Similarly since $\sigma_y^2 =\sigma_z^2 = {\bf I}$ the transformations $$ R_y(\alpha) = e^{i\alpha {\boldsymbol\sigma}_y} = \cos \alpha\ {\bf I} + i \sin \alpha\ {\boldsymbol\sigma}_y = \begin{pmatrix} \cos \alpha & \sin \alpha \\ -\sin \alpha & \cos \alpha \end{pmatrix} $$ $$ R_z(\alpha) = e^{i\alpha {\boldsymbol\sigma}_z} =\cos \alpha\ {\bf I} + i \sin \alpha\ {\boldsymbol\sigma}_z = \begin{pmatrix} e^{i\alpha} & 0 \\0 & e^{-i \alpha} \end{pmatrix} $$
Problem 3¶
Add routines to your qubit object that operate on your qubit with these three transformations $R_x,R_y,R_z$. These transformations are functions of a rotation angle $\alpha$.
Use your qubit object to show that $$R_x\left(\frac{\pi }{4} \right) | 0 \rangle = \frac{1}{\sqrt{2}} \left( |0\rangle + i |1\rangle \right)$$
Use your qubit object to show that
$$ R_x\left(-\frac{\pi}{4} \right) R_y\left(\frac{\pi}{2} \right) R_x\left(\frac{\pi}{4} \right) | 0 \rangle = i |0 \rangle $$
These three transformations do a loop on the Bloch sphere. However the final state differs from the initial one by the complex phase $\pi/2$ as $i = e^{i\pi/2} $.
This shows the path taken on the Bloch sphere.
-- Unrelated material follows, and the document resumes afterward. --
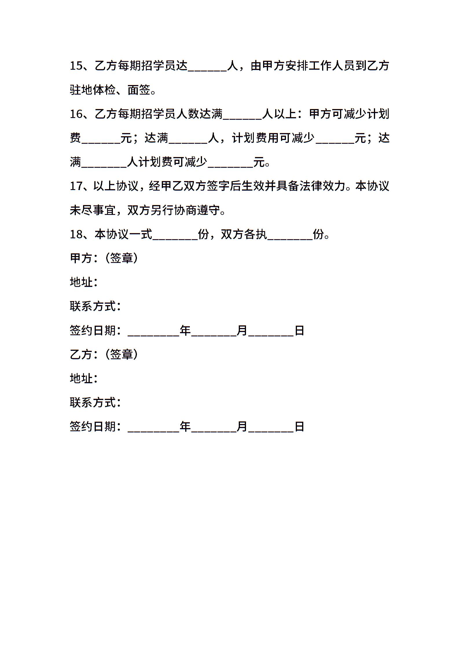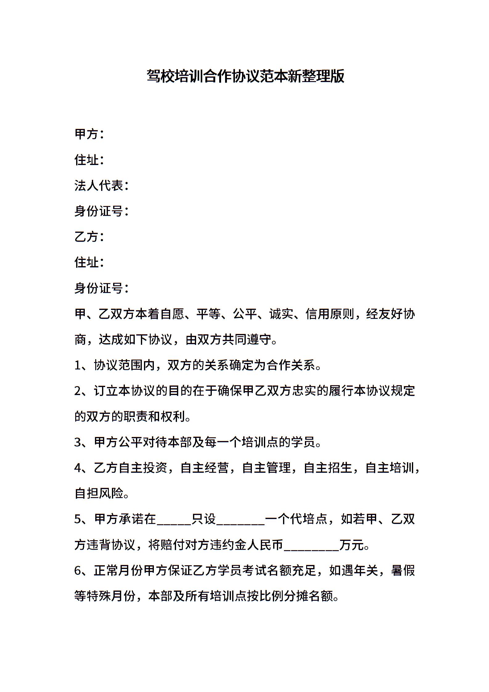 驾校培训合作协议范本新整理版

The qubit described with $|\psi\rangle = a |0\rangle + b|1\rangle$ resides in a three dimensional sphere embedded in four dimensions as the two complex numbers (each with two-degrees of freedom) are normalized so that $|a|^2 + |b|^2 = 1$.
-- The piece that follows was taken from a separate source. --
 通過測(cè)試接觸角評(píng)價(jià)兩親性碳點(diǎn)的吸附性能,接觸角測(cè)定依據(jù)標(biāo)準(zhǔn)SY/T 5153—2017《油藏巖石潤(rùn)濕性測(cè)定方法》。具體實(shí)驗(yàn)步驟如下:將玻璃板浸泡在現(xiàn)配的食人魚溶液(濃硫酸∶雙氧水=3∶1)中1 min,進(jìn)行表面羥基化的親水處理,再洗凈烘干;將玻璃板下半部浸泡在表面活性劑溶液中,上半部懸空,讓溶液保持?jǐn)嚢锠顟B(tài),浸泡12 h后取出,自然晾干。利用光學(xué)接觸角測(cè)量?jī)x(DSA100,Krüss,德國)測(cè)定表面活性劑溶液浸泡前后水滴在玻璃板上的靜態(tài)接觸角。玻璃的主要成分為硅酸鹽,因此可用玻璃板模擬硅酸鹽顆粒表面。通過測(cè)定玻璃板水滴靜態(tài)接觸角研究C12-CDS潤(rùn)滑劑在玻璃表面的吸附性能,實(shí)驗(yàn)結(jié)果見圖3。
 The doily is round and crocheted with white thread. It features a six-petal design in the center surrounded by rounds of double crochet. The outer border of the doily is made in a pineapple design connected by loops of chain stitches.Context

However the Bloch sphere is two dimensional and embeded in three dimensions.
A position on it can be described with two angles, like latitude and longitude. To place the full qubit state onto the Bloch sphere a phase is discarded. This is a projection. The discarded global phase does not affect measurements of the qubit. However a series of transformations that take a point on the Bloch sphere along a loop back to its original point, may not bring the full state vector (including the global phase) back to its original state. The phase acquired is sometimes called geometric phase and is analogous to Berry's phase.